- _INFORMATION SUPPLIED_
----------------
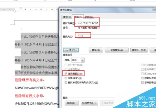 3、在查找内容中输入(<[!^13]*^13)(*)\1,替换为\1\2,使用通配符,全部替换。
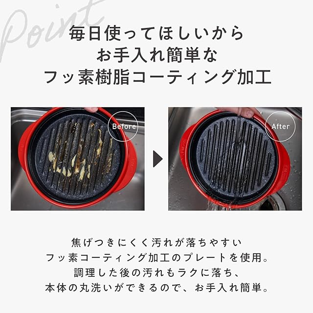 【電子レンジでフライパンで焼いたような本格的な調理ができる!】フタをして電子レンジで加熱するだけで、グリルを使わず魚を焼けてお手入れも簡単。 さらに、焼くだけではなく、煮る、蒸す、炊く、茹でる、炒めるがこの一台できちゃう優れもの!
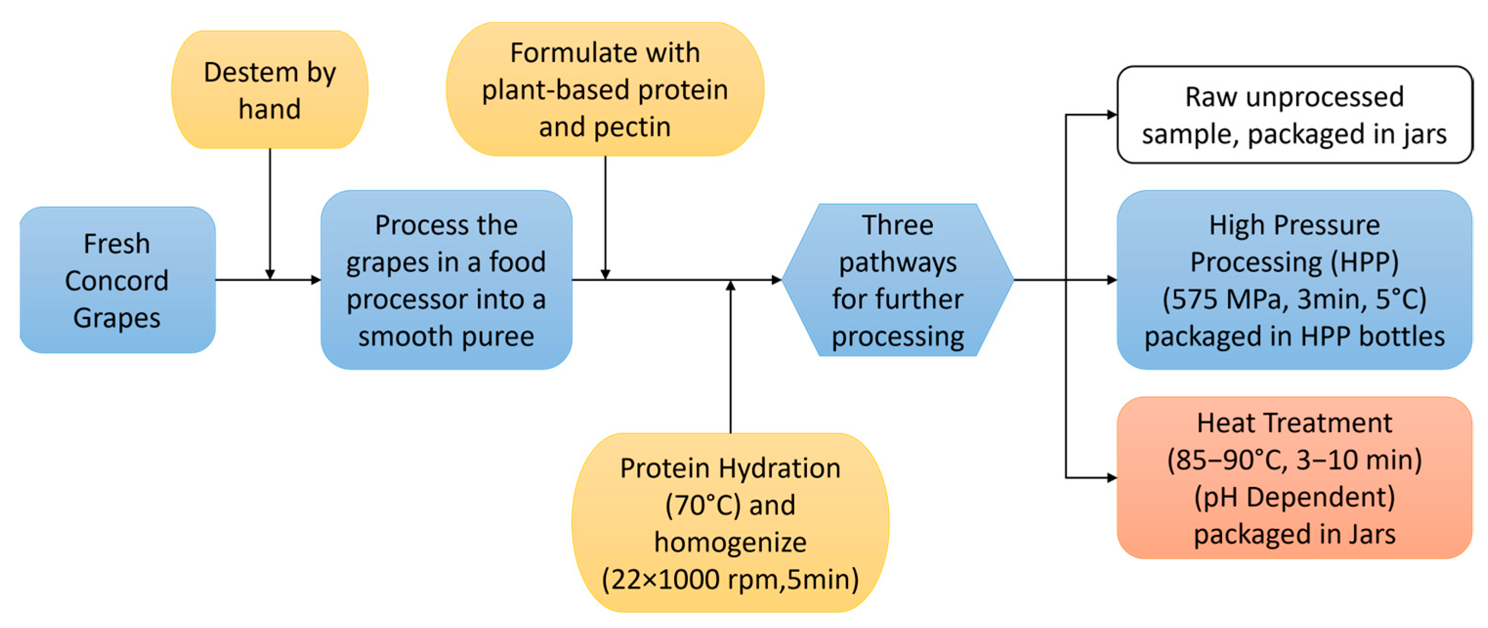 - Li, Y.; Padilla-Zakour, O. High Pressure Processing vs. Thermal Pasteurization of Whole Concord Grape Puree: Effect on Nutritional Value, Quality Parameters and Refrigerated Shelf Life. Foods 2021, 10, 2608. [Google Scholar] [CrossRef] [PubMed]
----------------
- _TASK GOAL_
Without changing a single word, set down all of the material again and leave out its pictures.

- _ANSWER TO THIS PROBLEM_
 3、在查找内容中输入(<[!^13]*^13)(*)\1,替换为\1\2,使用通配符,全部替换。
 【電子レンジでフライパンで焼いたような本格的な調理ができる!】フタをして電子レンジで加熱するだけで、グリルを使わず魚を焼けてお手入れも簡単。 さらに、焼くだけではなく、煮る、蒸す、炊く、茹でる、炒めるがこの一台できちゃう優れもの!
 - Li, Y.; Padilla-Zakour, O. High Pressure Processing vs. Thermal Pasteurization of Whole Concord Grape Puree: Effect on Nutritional Value, Quality Parameters and Refrigerated Shelf Life. Foods 2021, 10, 2608. [Google Scholar] [CrossRef] [PubMed]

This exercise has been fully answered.